Currently, I am sending a large JSON string to a node express endpoint that is set up like this:
import bodyParser from 'body-parser';
const app = express();
const jsonParser = bodyParser.json({ limit: '4mb' });
const databaseUri = '<db connection string>';
const databaseClient = new MongoClient(databaseUri);
app.use(cors());
app.post('/fillDatabase', jsonParser, async (request, response) => {
const subjects = request.body;
console.log(`Filling database with ${subjects.length} subjects`);
const database = databaseClient.db('wanikani_db');
const subjectsTable = database.collection('subjects');
const result = await subjectsTable.insertMany(subjects).then((response) => {
console.log('inserted ' + response.insertedCount + ' subjects');
}).catch(() => {
console.log('failed to insert subjects');
}).finally(() => {
console.log('finally after inserting subjects');
});
});
After posting the JSON string, the function in the endpoint runs successfully to completion but the request does not finish. A stack trace is displayed with an error message:
SyntaxError: Bad control character in string literal in JSON at position 289
at JSON.parse (<anonymous>)
at parse (/Users/maxc/Documents/repos/wanikani-flashcards/backend/node_modules/body-parser/lib/types/json.js:92:19)

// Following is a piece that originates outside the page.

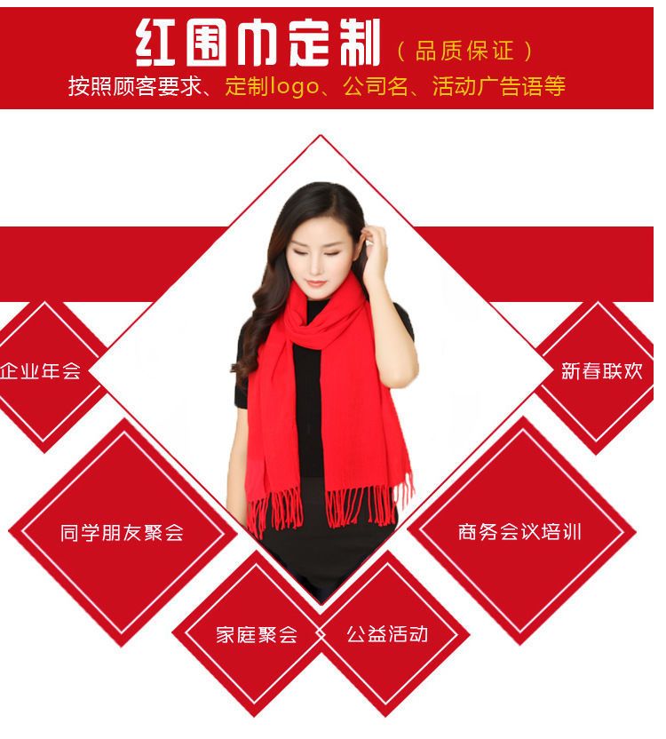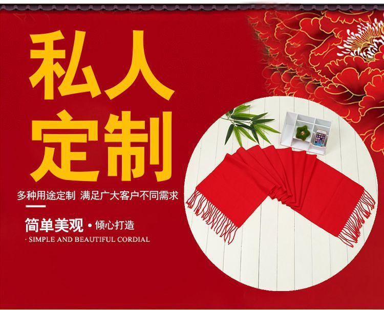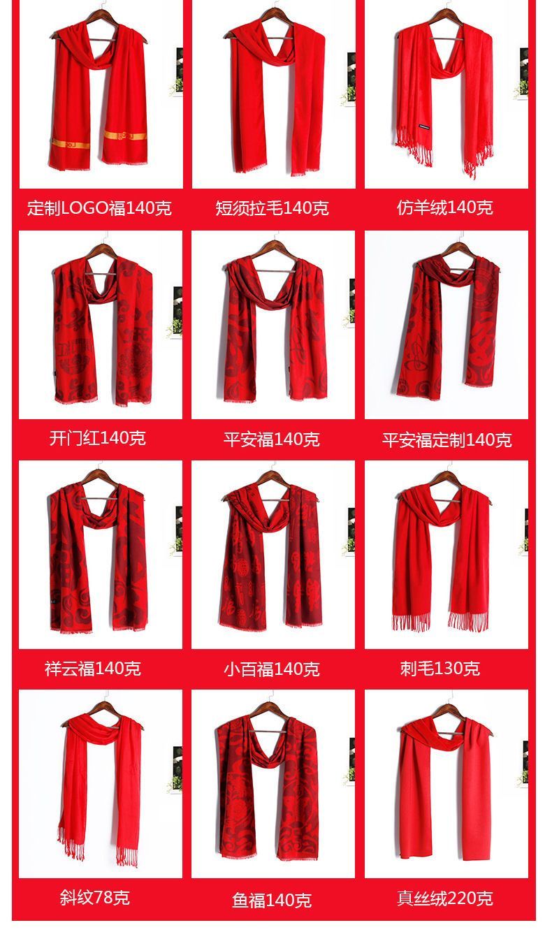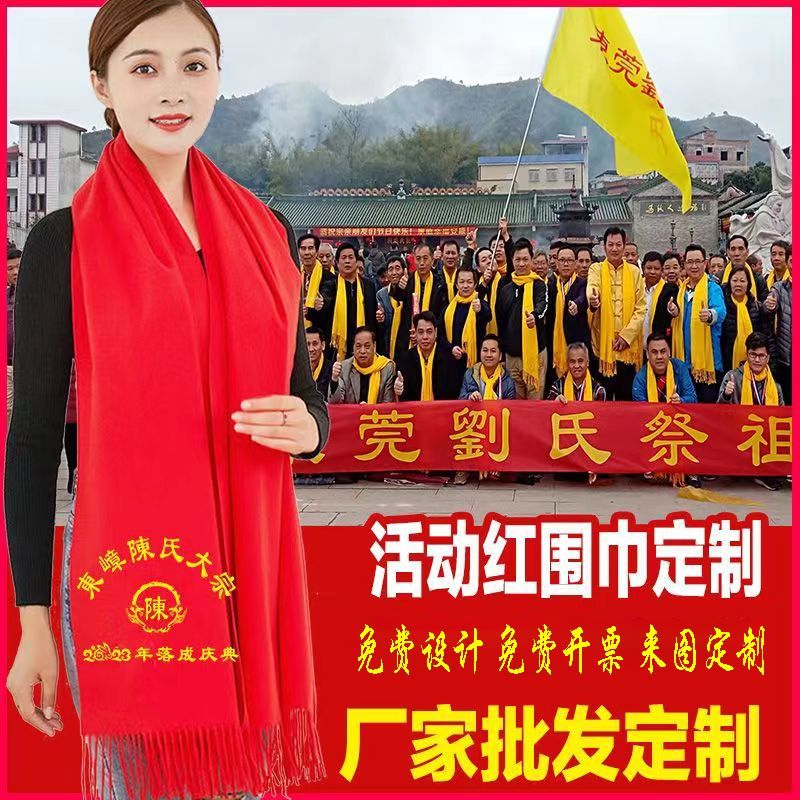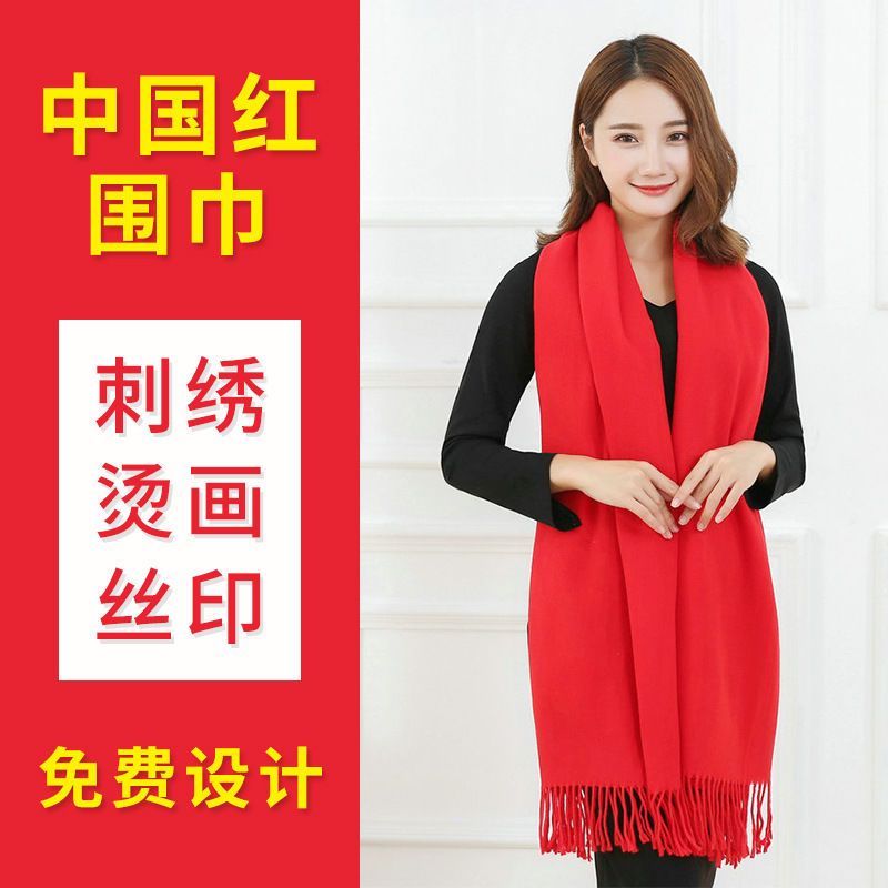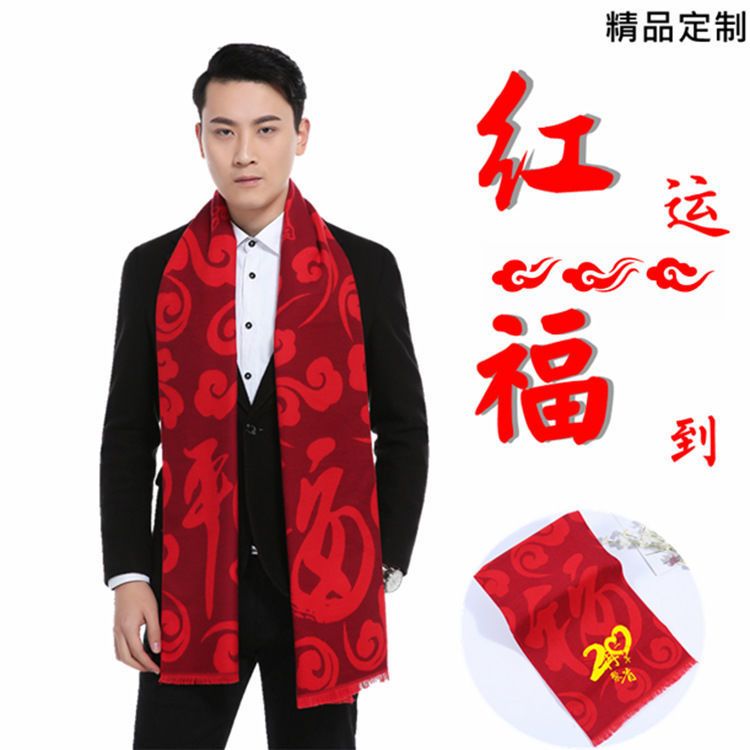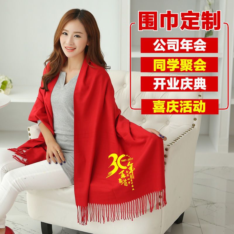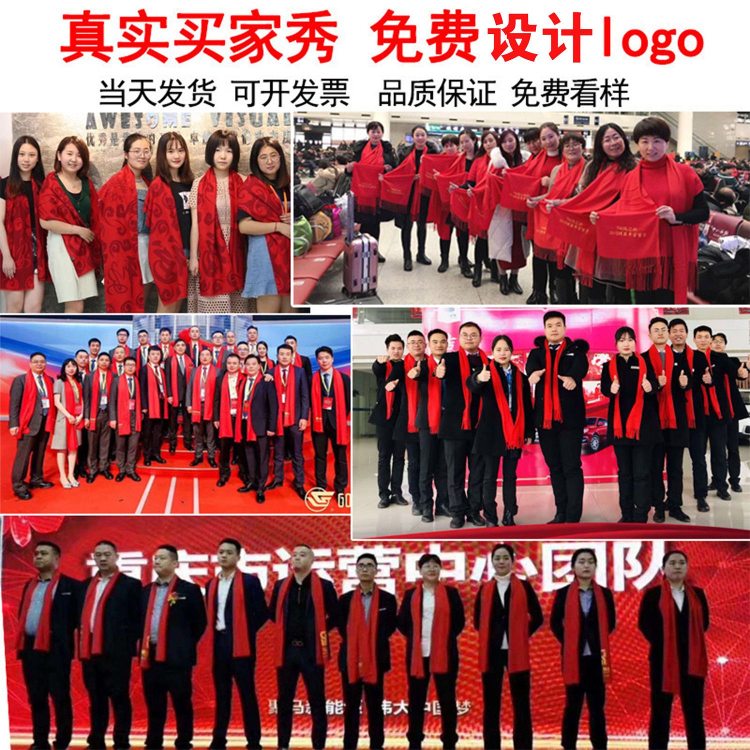 围巾定制logo刺绣中国红大红色公司年会同学聚会福字围巾印字围脖

at /Users/maxc/Documents/repos/wanikani-flashcards/backend/node_modules/body-parser/lib/read.js:128:18
at AsyncResource.runInAsyncScope (node:async_hooks:206:9)

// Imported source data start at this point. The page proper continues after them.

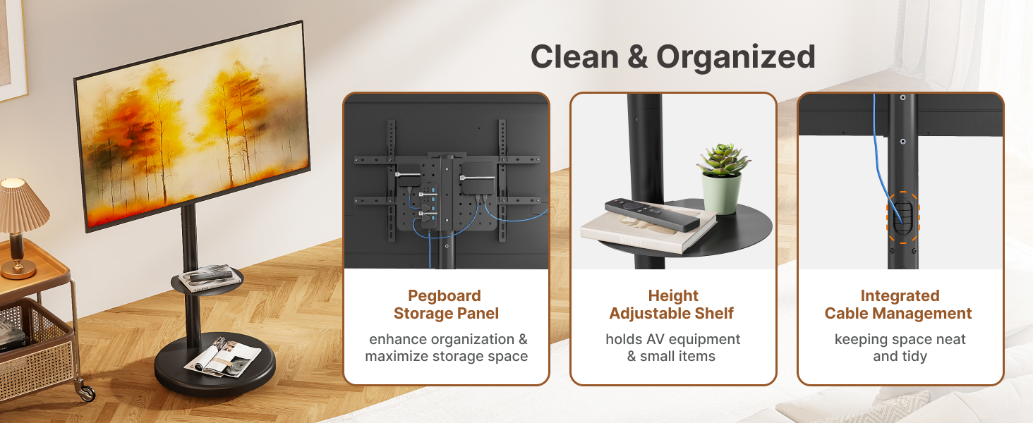 Powerful Storage and Cable Management: Maximize your space with the stand's powerful storage options. Featuring an adjustable bracket, built-in cable management system, and a pegboard for additional storage, this TV stand helps you keep your entertainment area organized and clutter-free.
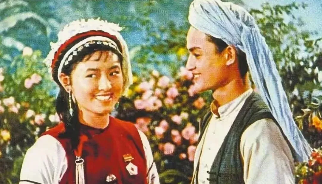 图中这对小青年,一人斜披白帕,一人头戴花环,背景里花团锦簇,嘴角抿着歌儿,婶婶说,那会儿电影里一唱,院子里就跟着哼,山歌一搭,就把日子唱甜了。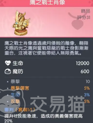 武器推荐提丰,该装备完美契合雅典娜天赋中“每次攻击造成目标最大生命值百分比伤害”的机制,并将单体伤害转化为范围效果,配合其闪避后吸血特性,可大幅提升团战中的血线维持效率。若暂未获取提丰,可选用具备生命属性加成的替代武器,确保天赋增益不被稀释。饰品方面,鹰之战士肖像为最优解,其提供急速属性加成与奥义伤害提升,进一步强化技能周转节奏与爆发上限。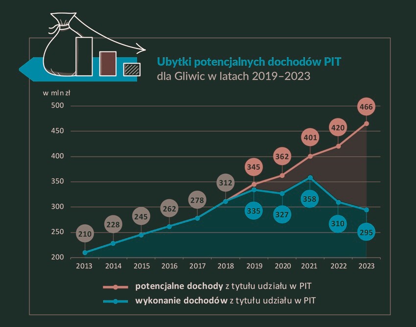 Znacząca część dochodów miasta to udział w podatku PIT. Niestety, zmiany w prawie podatkowym wprowadzone w 2019 roku (obniżono wówczas podatek dochodowy z 18 do 17% i dwukrotnie podniesiono koszty uzyskania przychodów) oraz w 2022 roku (m.in. wzrost kwoty wolnej od podatku, zmiana progu podatkowego, obniżenie stawki podatkowej z 17 do 12%) uderzyły w samorządowe budżety. Zgodnie z wyliczeniami Związku Miast Polskich opartymi na danych Ministerstwa Finansów oraz Ocenach Skutków Regulacji do ustaw zmieniających system PIT, w Gliwicach łączny ubytek dochodów z PIT w latach 2019–2023 wyniesie przeszło 370 mln zł. Natomiast suma tak zwanych rekompensat dla gliwickiego samorządu w 2021 i 2022 wyniesie zaledwie około 83,5 mln zł. Nasze miasto zatem wciąż traci prawie 287 mln zł. Są to niebagatelne pieniądze, bez których tempo rozwoju zwolni.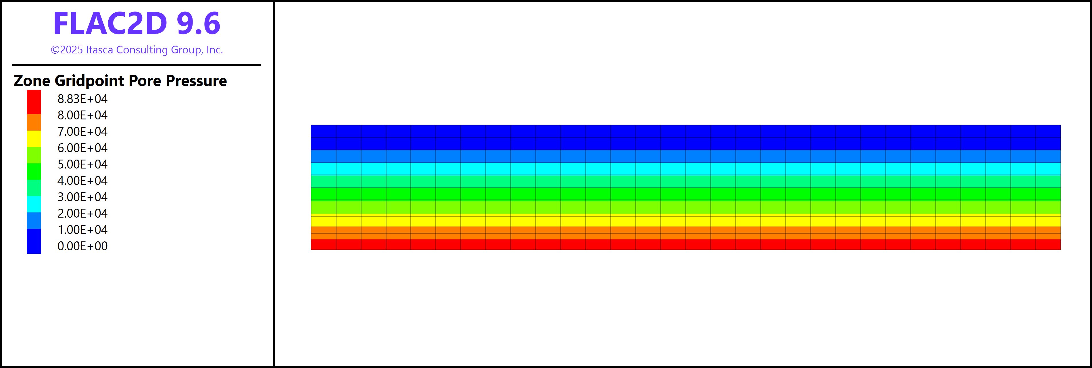 zone fluid modulus-automatic. (This assumes the fluid is essentially incompressible relative to the soil and therefore sets the fluid modulus to be 20× stiffer than the soil stiffness). Note that the biot modulus is set to 0 before executing this command because the automatically-calculated modulus will not be used if the existing modulus is lower (and non-zero).Pore pressure generation is activated in the soil layers with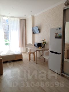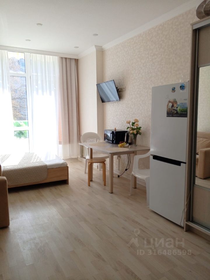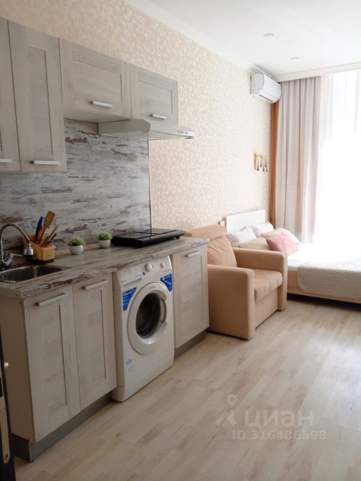 Уютная студия с отличным ремонтом и наполнением: кровать + кресло раскладное (довольно широкое); ТВ, интернет и кондиционер; 3-х створчатый шкаф; индукционная плита и микроволновка, стиральная машина.

at invokeCallback (/Users/maxc/Documents/repos/wanikani-flashcards/backend/node_modules/raw-body/index.js:238:16)
at done (/Users/maxc/Documents/repos/wanikani-flashcards/backend/node_modules/raw-body/index.js:227:7)
at IncomingMessage.onEnd (/Users/maxc/Documents/repos/wanikani-flashcards/backend/node_modules/raw-body/index.js:287:7)
at IncomingMessage.emit (node:events:514:28)
at endReadableNT (node:internal/streams/readable:1376:12)
at process.processTicksAndRejections (node:internal/process/task_queues:82:21)
The JSON object causing the issue can be found here. The problematic character is located at data -> characters.
The hexadecimal representation of that character is as follows:
000001c0: 2020 2020 2020 2020 2020 2022 6368 6172 "char
000001d0: 6163 7465 7273 223a 2022 e4b8 8022 2c0a acters": "...",.
Position 289 contains the Japanese character 一. Any suggestions on how to handle this specific character and others like it?